SYSTEM Cited by 1 source

Trino¶

Definition¶

Trino is an open-source distributed SQL query engine — "a fork of PrestoSQL" (sources/2026-03-24-expedia-operating-trino-at-scale-with-trino-gateway) — that executes federated SQL queries over heterogeneous data sources (object stores, relational DBs, Kafka, Cassandra, etc.) without requiring data relocation. It is the post-Presto-schism successor of the original Presto engine and one of the canonical query engines for lakehouse-style architectures over Apache Iceberg / Hive / Delta Lake tables on object storage.

Role in this wiki¶

Trino appears as the distributed SQL engine companies put in front of their data lake. Typical deployment shape:

One or more Trino coordinators plan queries; many workers execute them; a discovery service tracks cluster membership.
Connectors abstract each data source; a single query can join across Iceberg / Hive / Kafka / Postgres in one plan.
At organizational scale, a fleet of Trino clusters is operated — typically segregated by workload shape (patterns/workload-segregated-clusters) — rather than one big cluster handling every workload.

Deployment pattern at scale (Expedia)¶

Expedia runs multiple Trino clusters categorized by workload shape:

Adhoc clusters — mixed workloads, medium concurrency; for exploratory analysis and development.
ETL clusters — high-volume, high-complexity queries, low concurrency; heavy data processing.
BI clusters — low-complexity queries, high concurrency; dashboards behind Tableau / Looker.

Each cluster's config is tuned to the shape of its workload; users do not address clusters directly — they point at a Trino Gateway which routes each query to the appropriate cluster based on routing rules.

Routing / observability context on the gateway side¶

Trino exposes a handful of query-text properties the gateway can inspect:

trinoQueryProperties.getTables() — tables referenced in the query (used for table-based routing to "large-table" clusters).
trinoQueryProperties.getBody() — raw query text (used for metadata-query detection like select version()).
X-Trino-Source HTTP header — identifies the client application (Tableau, Looker, etc.); drives BI-source routing.

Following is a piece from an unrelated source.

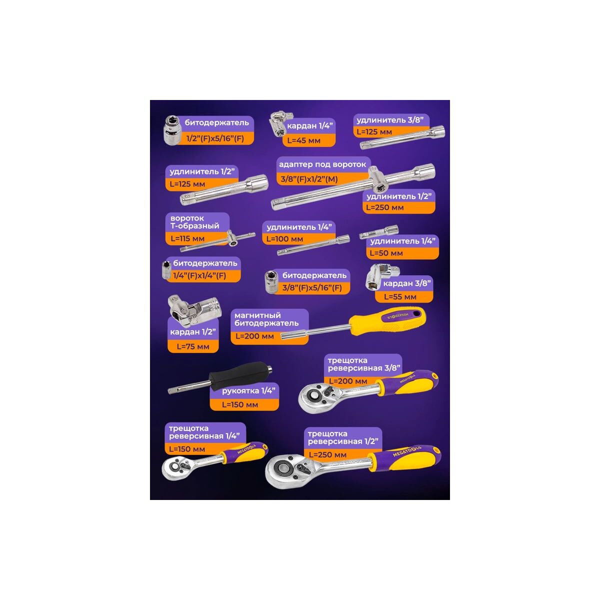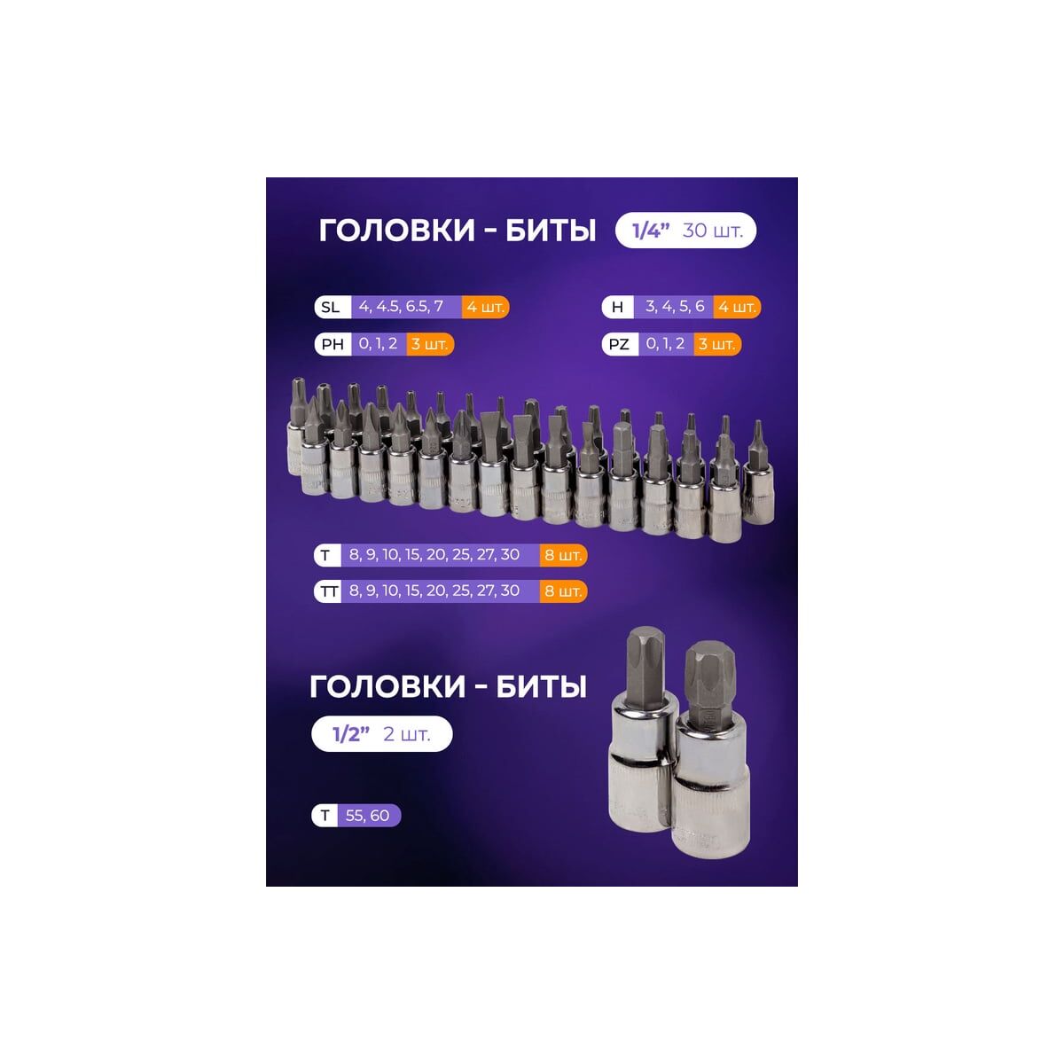 Разнообразие инструментов. В комплекте представлены торцевые головки, головки-биты, свечные головки, трещотки, удлинители и многое другое. С таким разнообразием инструментов вы всегда будете готовы к любым ремонтным задачам, будь то замена свечей зажигания, работа с двигательными механизмами или обслуживание подвески.

(Source: sources/2026-03-24-expedia-operating-trino-at-scale-with-trino-gateway)

Seen in¶

sources/2026-03-24-expedia-operating-trino-at-scale-with-trino-gateway — Expedia on running a multi-cluster Trino fleet behind a Trino Gateway with workload-aware routing; Adhoc / ETL / BI cluster segregation; UI contributions for routing-rule management, query history, and cluster health.

systems/presto — the predecessor engine Trino forked from.
systems/trino-gateway — the proxy / load balancer in front of a Trino fleet.
systems/apache-iceberg — a canonical table format Trino queries.
systems/apache-hive — the legacy catalog protocol (Hive Metastore) Trino commonly federates with.
systems/amazon-athena — AWS's managed serverless Presto/Trino offering.
concepts/workload-aware-routing — the architectural pattern for routing SQL queries based on their shape, realised in Trino fleets via Trino Gateway.